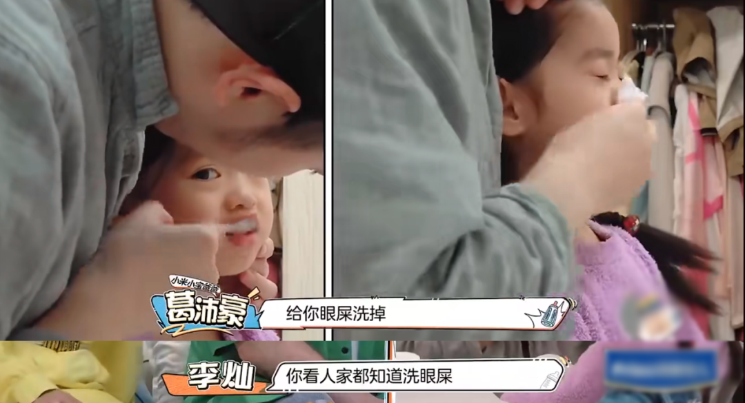 其他爸爸才知道:原来早上要注意给孩子拭去眼屎的。
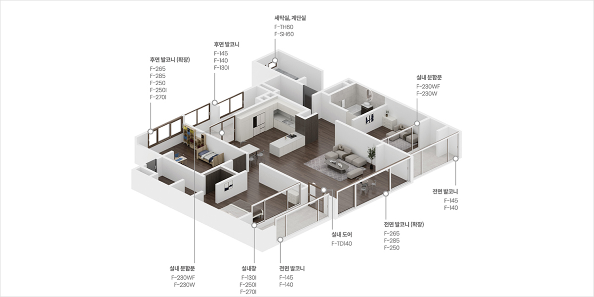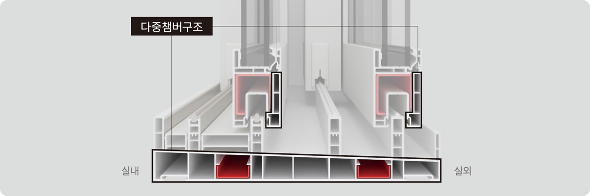 창짝, 창틀 내부에 여러 겹의 공간(다중챔버)이 공기층을 형성하여 외부의 냉기 유입을 최소화합니다.
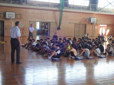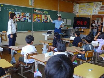 3校時、3年生は延岡警察署の方をお招きして「非行防止教室」を行いました。万引きは犯罪であること、お店に損害を与えるとともに家族を悲しい気持ちにさせることについて、具体的なお話をお聞きすることができました。
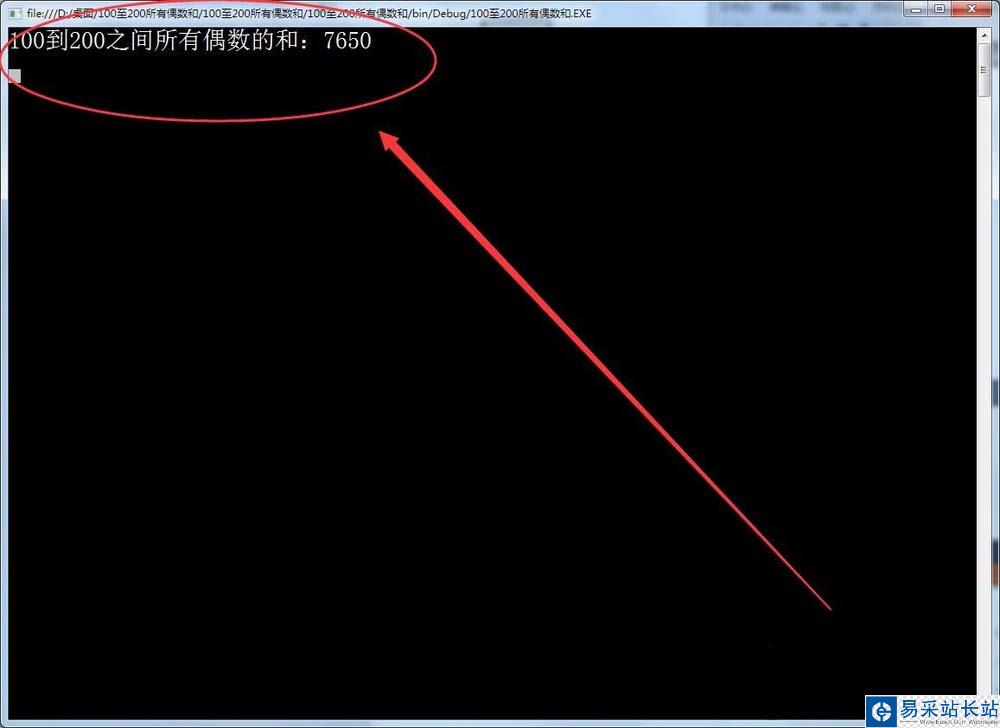 6、計算出100至200的所有偶數和后,在窗口中輸出總數。
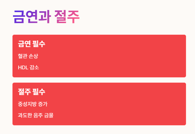 • 흡연은 혈관을 손상시키고 HDL 콜레스테롤을 감소시켜요.
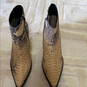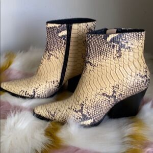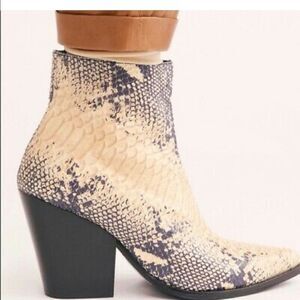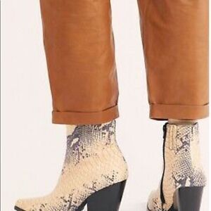 Step into these so cool snake boots featured in a textured leather design with a pointed toe and stacked block heel.
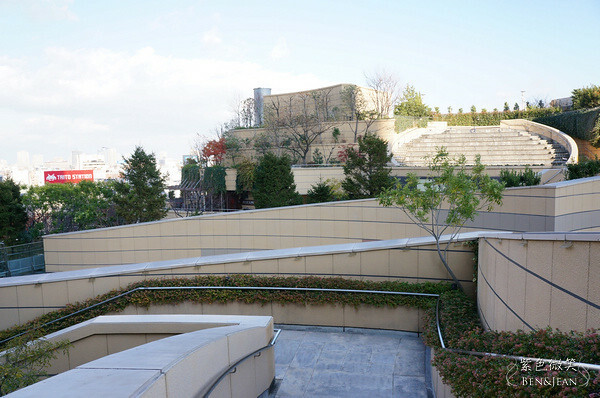 沿著建築物的造型設計的屋頂花園,可以沿著樓層拾級而上,共有8層的屋頂花園
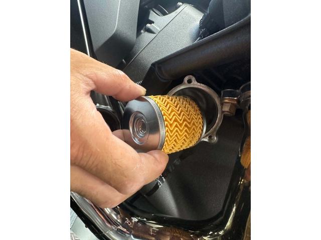 エンジンガードを取り外してエンジンオイルを抜き オイルフィルターも取り外します。
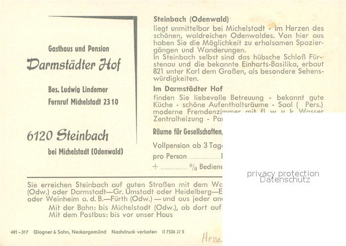 73649215 Steinbach Michelstadt Gasthaus Pension Darmstaedter Hof Gastraum Bruecke Wehr postalisch nicht gelaufen Werbekarte (keine Postkarte) Erhaltung siehe scans [FriedD77] KatCode: 11110006437011
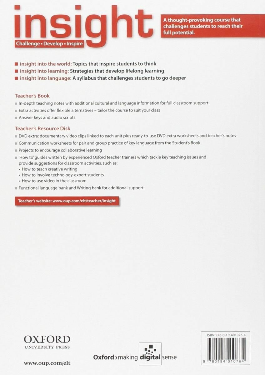 На сегодняшний день товар «Книга: Книга Insight: Elementary: Teacher's Book with Teacher's Resource Disk (Jayne Wildman, Fiona Bedoal, Clare Thacker); Oxford University Press, 2013» можно купить с кешбеком в 1 магазине: Яндекс.Маркет
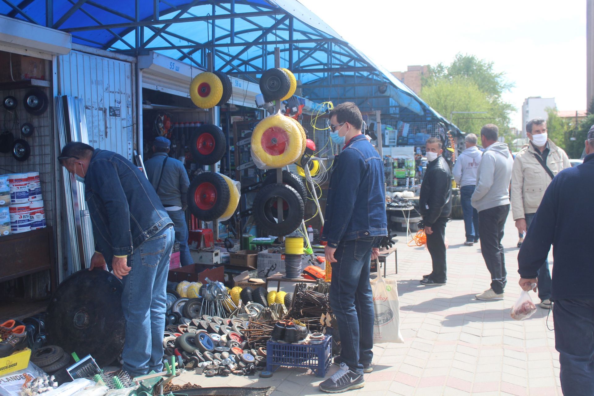 На території «Центрального ринку» дозволили продавати непродовольчі товари 16 травня. Там запрацювала більша частина кіосків. Однак овочі та фрукти там придбати важко – є всього кілька продавців. Купити їх можна на овочевому ринку. Там на вході проводять температурний скринінг. Покупців впускають лише в масках.
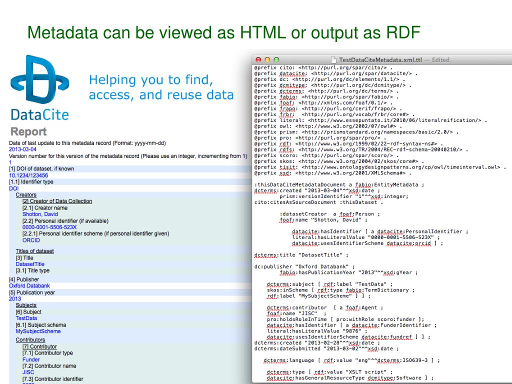 Acknowledgements • Graham Klyne and BhavanaAnandahave been primarily responsible for the development of DataStage, with Katherine Fletcher as our invaluable project manager • Tanya Gray created the DataCite metadata input form • Richard Jones of Cottage Labs, working with us and with the DataBank developerAnushaRanganathanat the Bodleian Libraries, implemented the SWORD2 protocol to encode DataStage submissions to DataBank • The JISC funded the DataFlow Project that lead to the development of DataStage and improvements to DataBank • I am grateful to them all
_____
= WHAT IS REQUIRED =
With the pictures removed, return the listing above in its exact original wording.

= ANSWER TO THE EXERCISE =
 其他爸爸才知道:原来早上要注意给孩子拭去眼屎的。
 창짝, 창틀 내부에 여러 겹의 공간(다중챔버)이 공기층을 형성하여 외부의 냉기 유입을 최소화합니다.
 3校時、3年生は延岡警察署の方をお招きして「非行防止教室」を行いました。万引きは犯罪であること、お店に損害を与えるとともに家族を悲しい気持ちにさせることについて、具体的なお話をお聞きすることができました。
 6、計算出100至200的所有偶數和后,在窗口中輸出總數。
 • 흡연은 혈관을 손상시키고 HDL 콜레스테롤을 감소시켜요.
 Step into these so cool snake boots featured in a textured leather design with a pointed toe and stacked block heel.
 沿著建築物的造型設計的屋頂花園,可以沿著樓層拾級而上,共有8層的屋頂花園
 エンジンガードを取り外してエンジンオイルを抜き オイルフィルターも取り外します。
 73649215 Steinbach Michelstadt Gasthaus Pension Darmstaedter Hof Gastraum Bruecke Wehr postalisch nicht gelaufen Werbekarte (keine Postkarte) Erhaltung siehe scans [FriedD77] KatCode: 11110006437011
 На сегодняшний день товар «Книга: Книга Insight: Elementary: Teacher's Book with Teacher's Resource Disk (Jayne Wildman, Fiona Bedoal, Clare Thacker); Oxford University Press, 2013» можно купить с кешбеком в 1 магазине: Яндекс.Маркет
 На території «Центрального ринку» дозволили продавати непродовольчі товари 16 травня. Там запрацювала більша частина кіосків. Однак овочі та фрукти там придбати важко – є всього кілька продавців. Купити їх можна на овочевому ринку. Там на вході проводять температурний скринінг. Покупців впускають лише в масках.
 Acknowledgements • Graham Klyne and BhavanaAnandahave been primarily responsible for the development of DataStage, with Katherine Fletcher as our invaluable project manager • Tanya Gray created the DataCite metadata input form • Richard Jones of Cottage Labs, working with us and with the DataBank developerAnushaRanganathanat the Bodleian Libraries, implemented the SWORD2 protocol to encode DataStage submissions to DataBank • The JISC funded the DataFlow Project that lead to the development of DataStage and improvements to DataBank • I am grateful to them all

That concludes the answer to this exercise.